Dataset records:
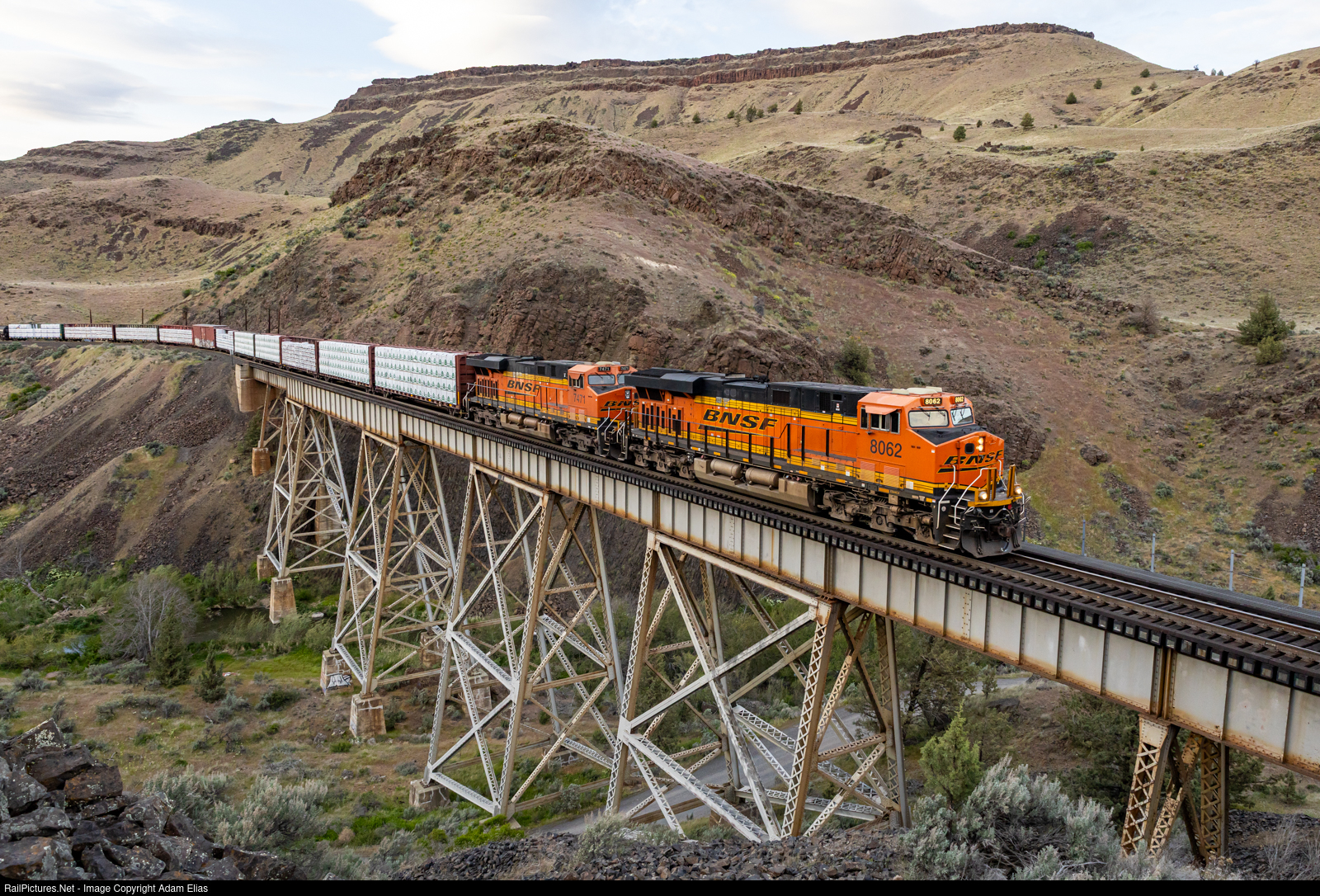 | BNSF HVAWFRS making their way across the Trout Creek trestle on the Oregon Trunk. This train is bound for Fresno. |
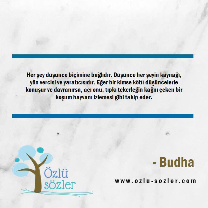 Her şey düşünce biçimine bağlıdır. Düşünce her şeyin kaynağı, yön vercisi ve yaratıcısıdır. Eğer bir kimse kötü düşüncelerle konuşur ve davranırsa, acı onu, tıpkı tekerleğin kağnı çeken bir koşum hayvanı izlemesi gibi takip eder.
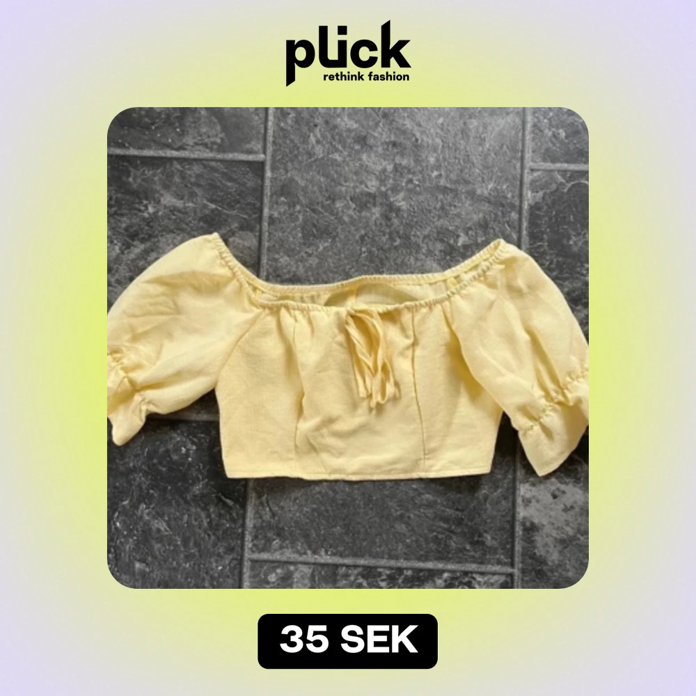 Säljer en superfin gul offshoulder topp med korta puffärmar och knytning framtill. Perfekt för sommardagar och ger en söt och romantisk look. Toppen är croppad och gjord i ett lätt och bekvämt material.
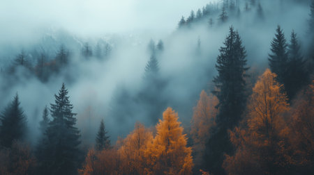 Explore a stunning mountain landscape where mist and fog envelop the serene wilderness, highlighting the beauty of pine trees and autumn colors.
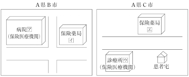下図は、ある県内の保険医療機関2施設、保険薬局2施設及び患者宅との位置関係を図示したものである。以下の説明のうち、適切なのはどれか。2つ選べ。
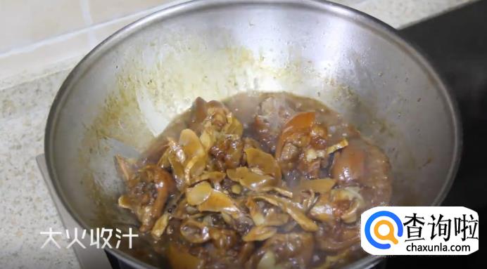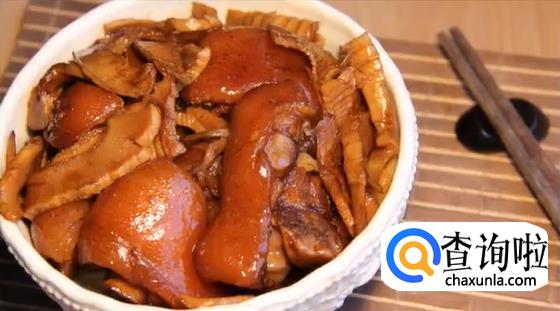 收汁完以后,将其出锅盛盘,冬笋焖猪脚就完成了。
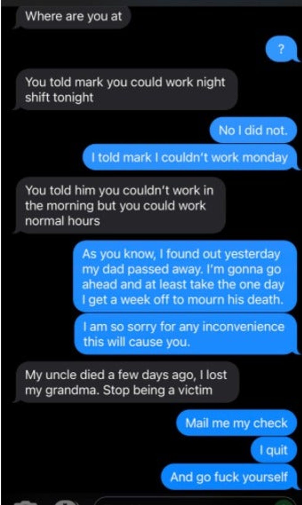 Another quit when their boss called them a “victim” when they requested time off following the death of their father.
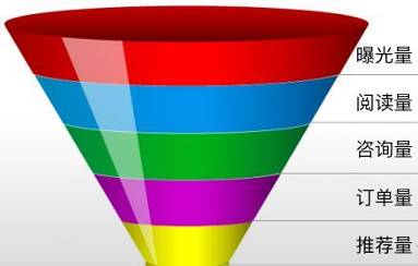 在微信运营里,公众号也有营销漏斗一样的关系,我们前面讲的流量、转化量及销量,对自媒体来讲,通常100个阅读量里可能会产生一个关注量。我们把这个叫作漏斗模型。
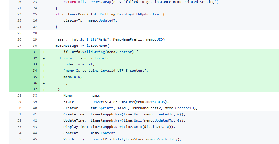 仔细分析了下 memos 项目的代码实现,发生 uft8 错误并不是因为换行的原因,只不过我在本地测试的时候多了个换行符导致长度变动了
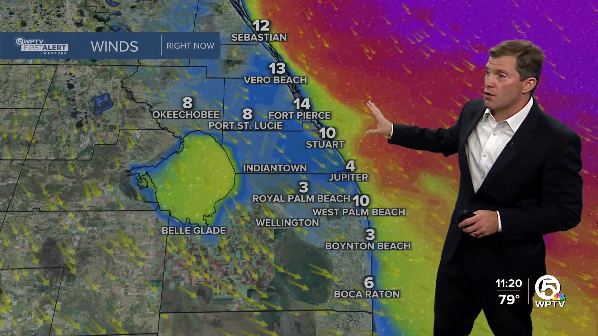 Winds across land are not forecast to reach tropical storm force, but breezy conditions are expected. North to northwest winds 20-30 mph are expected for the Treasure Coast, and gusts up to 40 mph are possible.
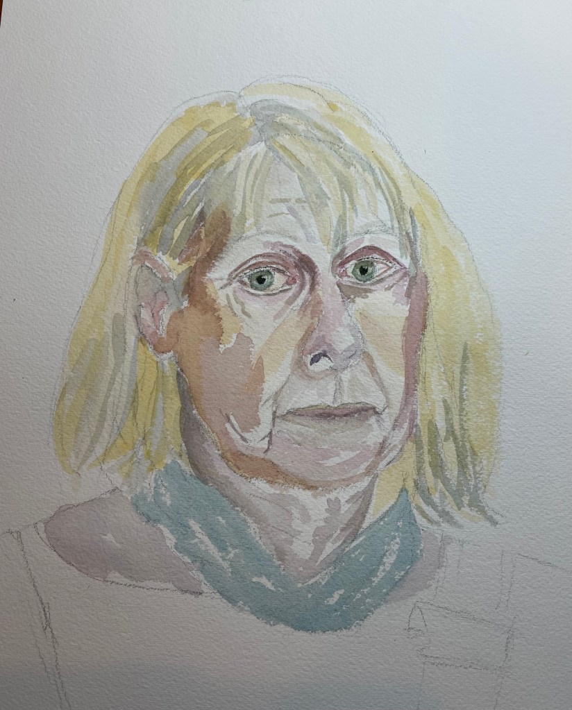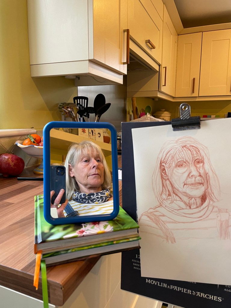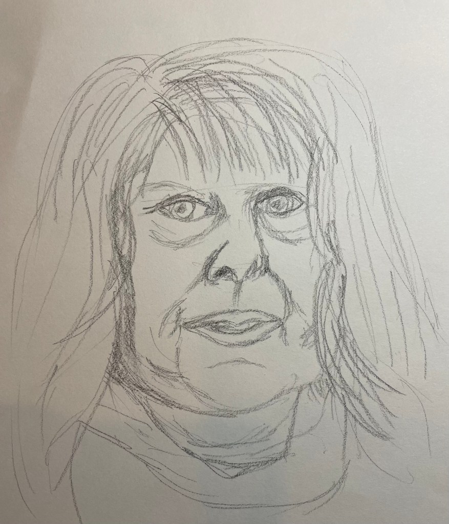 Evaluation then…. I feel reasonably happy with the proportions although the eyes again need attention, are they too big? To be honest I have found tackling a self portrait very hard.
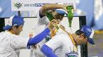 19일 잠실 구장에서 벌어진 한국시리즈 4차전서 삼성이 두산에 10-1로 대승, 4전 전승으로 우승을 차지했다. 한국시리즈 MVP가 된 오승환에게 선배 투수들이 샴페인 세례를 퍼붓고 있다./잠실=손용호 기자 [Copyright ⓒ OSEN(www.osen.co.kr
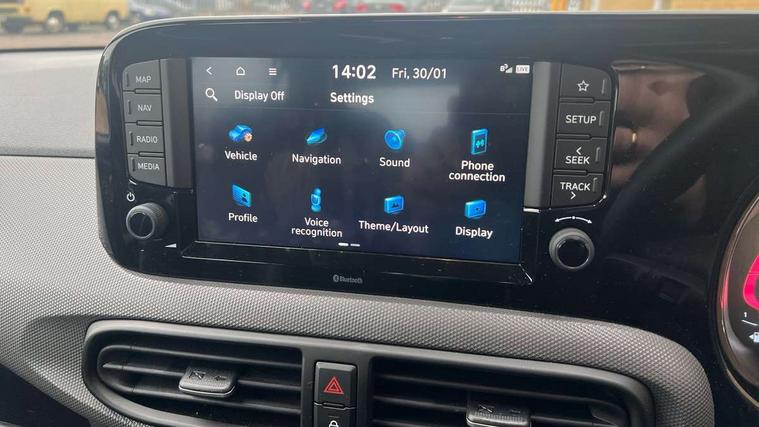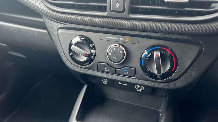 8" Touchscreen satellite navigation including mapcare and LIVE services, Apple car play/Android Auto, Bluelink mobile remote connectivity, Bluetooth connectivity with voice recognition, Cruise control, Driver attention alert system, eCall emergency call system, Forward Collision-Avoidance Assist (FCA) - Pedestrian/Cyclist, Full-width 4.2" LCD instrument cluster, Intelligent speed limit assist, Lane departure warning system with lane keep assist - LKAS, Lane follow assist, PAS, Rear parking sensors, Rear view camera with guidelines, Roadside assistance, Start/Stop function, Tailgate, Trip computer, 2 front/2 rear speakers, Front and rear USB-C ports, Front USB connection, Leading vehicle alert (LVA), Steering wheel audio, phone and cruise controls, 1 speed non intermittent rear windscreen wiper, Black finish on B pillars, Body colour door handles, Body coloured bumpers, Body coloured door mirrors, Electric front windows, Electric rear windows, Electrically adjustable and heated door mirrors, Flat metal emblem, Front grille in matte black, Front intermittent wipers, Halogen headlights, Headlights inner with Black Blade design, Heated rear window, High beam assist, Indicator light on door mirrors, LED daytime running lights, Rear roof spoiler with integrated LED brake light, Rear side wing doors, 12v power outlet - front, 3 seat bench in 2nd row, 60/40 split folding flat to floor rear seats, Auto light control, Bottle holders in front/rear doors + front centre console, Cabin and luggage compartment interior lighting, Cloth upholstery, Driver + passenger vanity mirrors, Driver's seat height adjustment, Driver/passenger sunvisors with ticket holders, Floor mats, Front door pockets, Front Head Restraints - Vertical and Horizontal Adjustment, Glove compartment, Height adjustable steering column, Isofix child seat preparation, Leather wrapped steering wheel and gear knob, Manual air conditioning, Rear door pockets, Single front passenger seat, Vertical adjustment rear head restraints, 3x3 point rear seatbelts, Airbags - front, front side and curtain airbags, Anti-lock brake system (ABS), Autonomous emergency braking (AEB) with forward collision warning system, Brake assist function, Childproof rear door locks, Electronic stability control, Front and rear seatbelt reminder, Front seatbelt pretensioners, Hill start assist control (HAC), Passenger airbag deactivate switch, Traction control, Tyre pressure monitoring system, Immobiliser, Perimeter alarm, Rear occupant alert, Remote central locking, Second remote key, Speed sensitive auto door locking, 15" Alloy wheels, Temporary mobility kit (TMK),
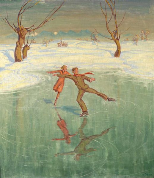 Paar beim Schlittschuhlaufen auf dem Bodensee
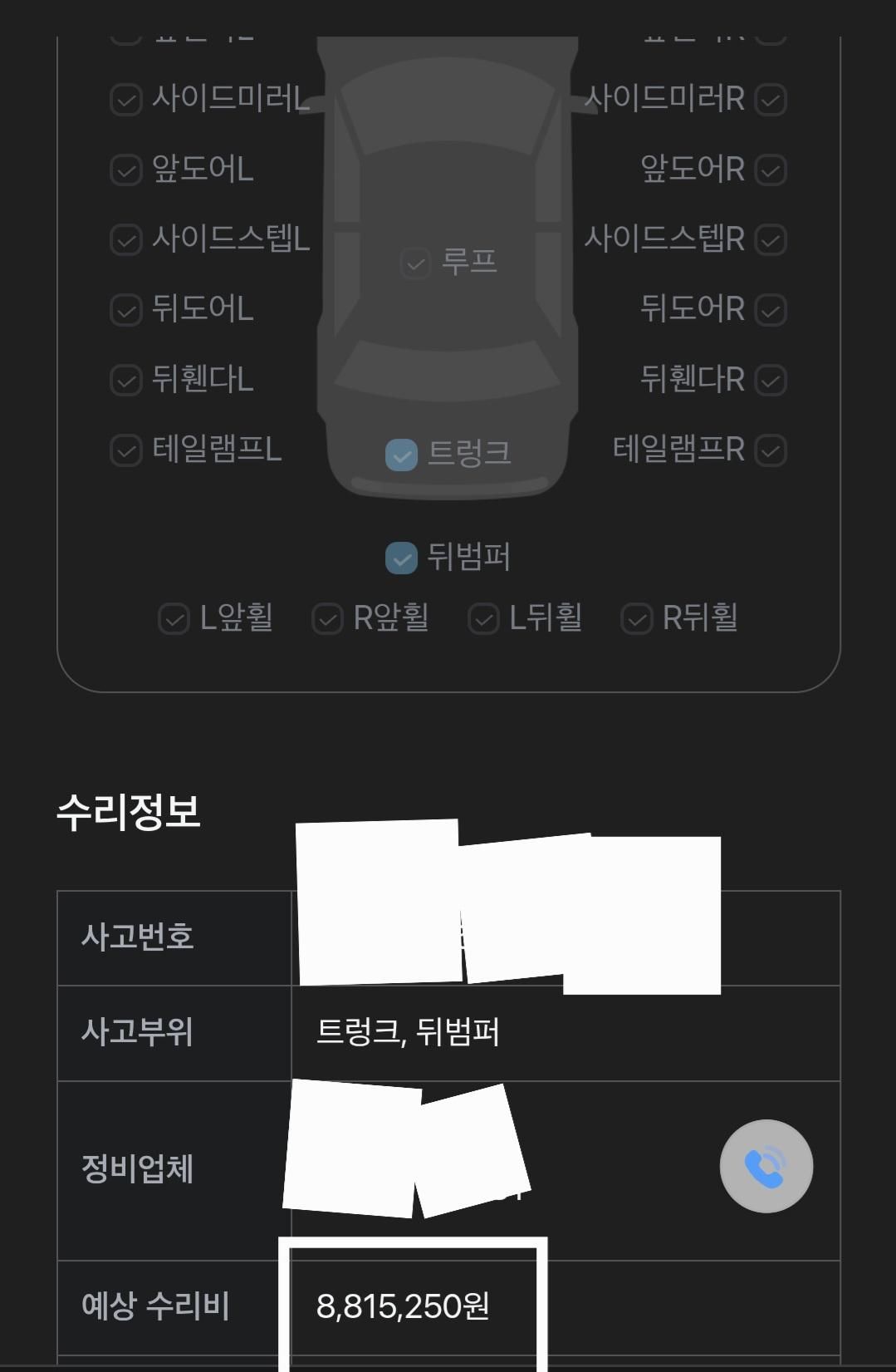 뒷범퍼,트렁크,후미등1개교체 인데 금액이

Instructions for the task: Set down exactly the lines above, from the line containing "Her şey düşünce" through the line containing "Winds across land". Skip the pictures.

Task solution:
 Her şey düşünce biçimine bağlıdır. Düşünce her şeyin kaynağı, yön vercisi ve yaratıcısıdır. Eğer bir kimse kötü düşüncelerle konuşur ve davranırsa, acı onu, tıpkı tekerleğin kağnı çeken bir koşum hayvanı izlemesi gibi takip eder.
 Säljer en superfin gul offshoulder topp med korta puffärmar och knytning framtill. Perfekt för sommardagar och ger en söt och romantisk look. Toppen är croppad och gjord i ett lätt och bekvämt material.
 Explore a stunning mountain landscape where mist and fog envelop the serene wilderness, highlighting the beauty of pine trees and autumn colors.
下図は、ある県内の保険医療機関2施設、保険薬局2施設及び患者宅との位置関係を図示したものである。以下の説明のうち、適切なのはどれか。2つ選べ。
 收汁完以后,将其出锅盛盘,冬笋焖猪脚就完成了。
 Another quit when their boss called them a “victim” when they requested time off following the death of their father.
 在微信运营里,公众号也有营销漏斗一样的关系,我们前面讲的流量、转化量及销量,对自媒体来讲,通常100个阅读量里可能会产生一个关注量。我们把这个叫作漏斗模型。
 仔细分析了下 memos 项目的代码实现,发生 uft8 错误并不是因为换行的原因,只不过我在本地测试的时候多了个换行符导致长度变动了
 Winds across land are not forecast to reach tropical storm force, but breezy conditions are expected. North to northwest winds 20-30 mph are expected for the Treasure Coast, and gusts up to 40 mph are possible.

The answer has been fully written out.